Por: Catarina Betes
Há gente que fica na nossa memória. Por vezes são apenas vultos, esboços, que a cortina do tempo insiste em apagar. Mas por algum motivo, resistem. Deixam-se ficar.
Maria Amélia vivia e trabalhava em Lisboa, numa época em que as mulheres não existiam sozinhas, poucas tinham empregos e raras não tinham marido.
Recordo quando a via chegar aos fins de semana, à casa que tinha na minha rua. Maquilhada, vestida com roupas extravagantes. Tinha também um brilho nos olhos que eu desconhecia de onde vinha.
Só mais tarde percebi que era fruto da liberdade em que vivia.
Não teve marido nem filhos, nem me pareceu em nenhum momento que deles tivesse sentido a falta.
Viveu a vida que quis, viajou, conheceu o mundo e regressou à aldeia sempre que lhe apeteceu.
Era tratada por menina e eu perguntava-me porquê. Só depois percebi que quem não casava não ascendia ao estatuto de mulher adulta. Continuava menina pela vida fora. (Estranha vida esta).
E quando partiu deste mundo, aos noventa e poucos, foi “a menina Amélia que morreu”, ouvia-se na rua, enquanto os sinos dobravam, no alto da torre da igreja.

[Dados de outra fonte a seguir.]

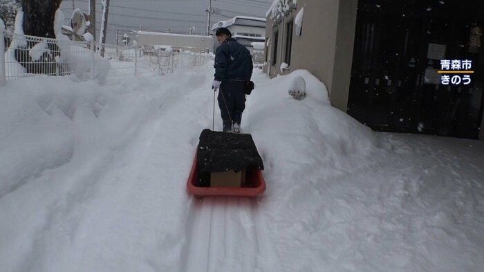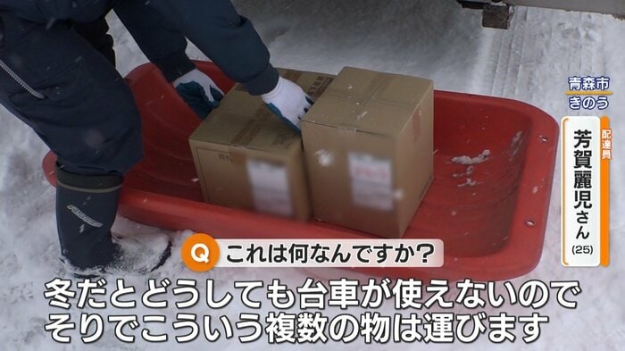 雪が深々と降り注ぐ中、配達員の芳賀さんが取り出したのは、「そり」です。車を近くに止めることができない場所などは、そりに荷物を載せて、濡れないようにカバーをして運ぶといいます。
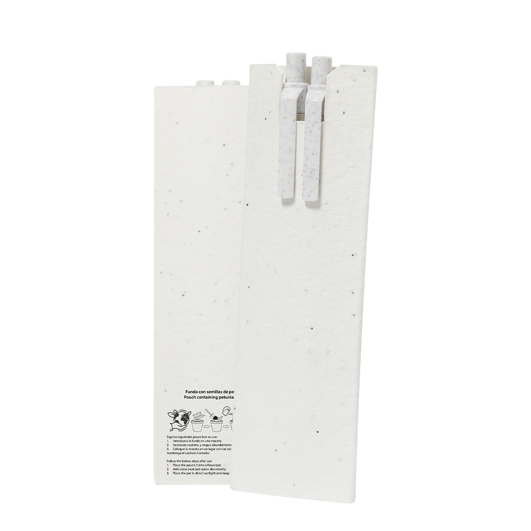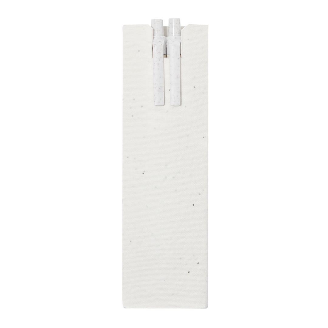 Set de bolígrafo y lápiz eterno fabricados con cartones de leche reciclados, presentados en funda de papel con semillas. Bolígrafo de tinta azul y lápiz con punta eterna, para así usar siempre el mismo lápiz y no generar residuos, ambos con mecanismo pulsador y clip a juego fabricados en Caña de Trigo, con distintivo grabado. Producto de tipo set, pensado para acciones promocionales y uso diario. Este artículo está diseñado para campañas de marca, ferias y regalos corporativos. Destaca por su utilidad práctica y por su buena percepción como soporte publicitario. Permite personalización con logotipo o mensaje, reforzando la visibilidad de la marca. Es una solución versátil que se adapta.
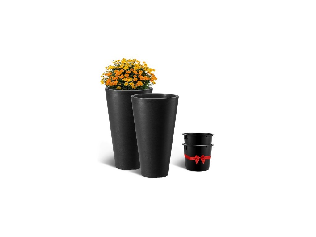 Barva: Černá,Číslo modelu položky: KD9953,Hmotnost výrobku: 3,93 kg / 8,66 lbs,Materiál: PP,Množství v balení: 2 vysoké květináče,Rozměry výrobku: 350 mm x 350 mm x 590 mm / 14D x 24 palců
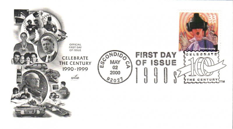#3191j Virtual Reality - Celebrate the Century first day cover by Artcraft. Postmark State: CA City: Escondido Year: 2000 Month: 5 Day: 2
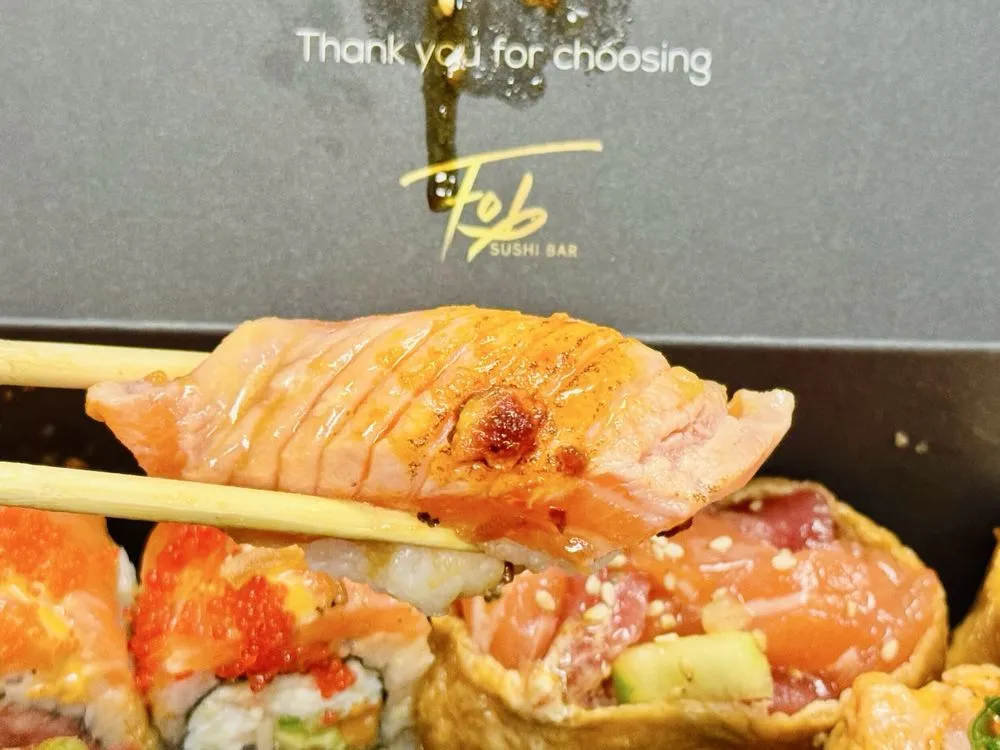 FOB Sushi Bar is known for its pay-by-the-pound sushi concept, but the seared salmon stands out as something special. It is simple, warm, flavorful, and comforting—perfect for both sushi lovers and people who are not big fans of raw fish.
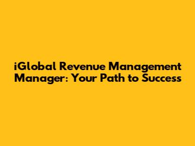 IGlobal Revenue Management Manager: Your Path To Success
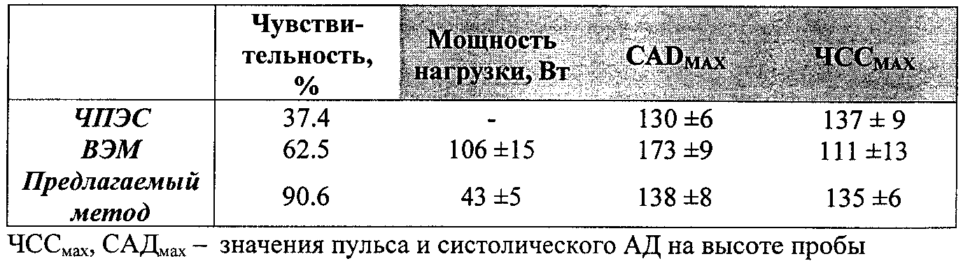 Из таблицы видно, что ЧПЭС сердца как самостоятельный метод диагностики ИБС обладает самой низкой чувствительностью в диагностике ИБС (37.4%). Стандартная велоэргометрическая проба более информативна, ее чувствительность составила 62.5%. Предлагаемый метод проведения нагрузочной пробы оказался самым эффективным, его чувствительность превысила 90%.
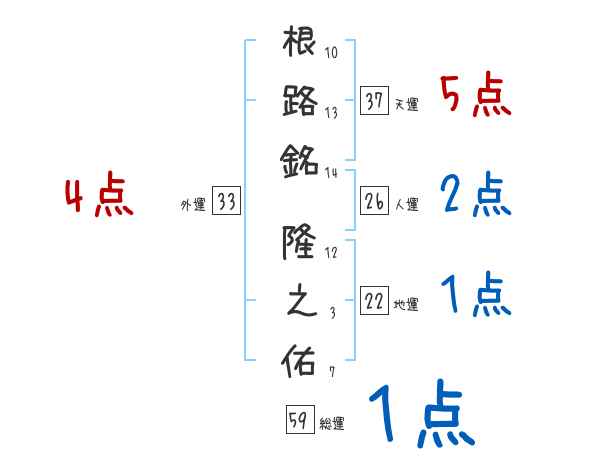 天運![]() | 根路銘隆之佑さんの天運は37画の5つ星!努力家で順応性に優れる。現実的な考え方ができ忠実に物事をこなす。 家系が持つ宿命的な運勢を表します。祖先から受け継いだ苗字ですので自分の力が及びません。家柄を象徴します。 |

Nunca me pareceu uma mulher deste tempo e eu observava-a, do cimo dos meus sete ou oito anos com a curiosidade caraterística de quem vê um espécimen diferente. Falava alto e ria muito, num tempo em que as mulheres ou não sabiam, ou não tinham motivos para sorrir.
Entrei algumas vezes na sua casa. E deliciava-me. Com as cores, os cheiros, o som da vida e da independência num tempo em que a mulher era pouco mais que um farrapo. Mas aquela não.
Viveu como quis, saia de casa de cabeça erguida e não tenho dúvidas, no seu modo solitário de viver, aquela mulher, sim. Naquele tempo, foi feliz.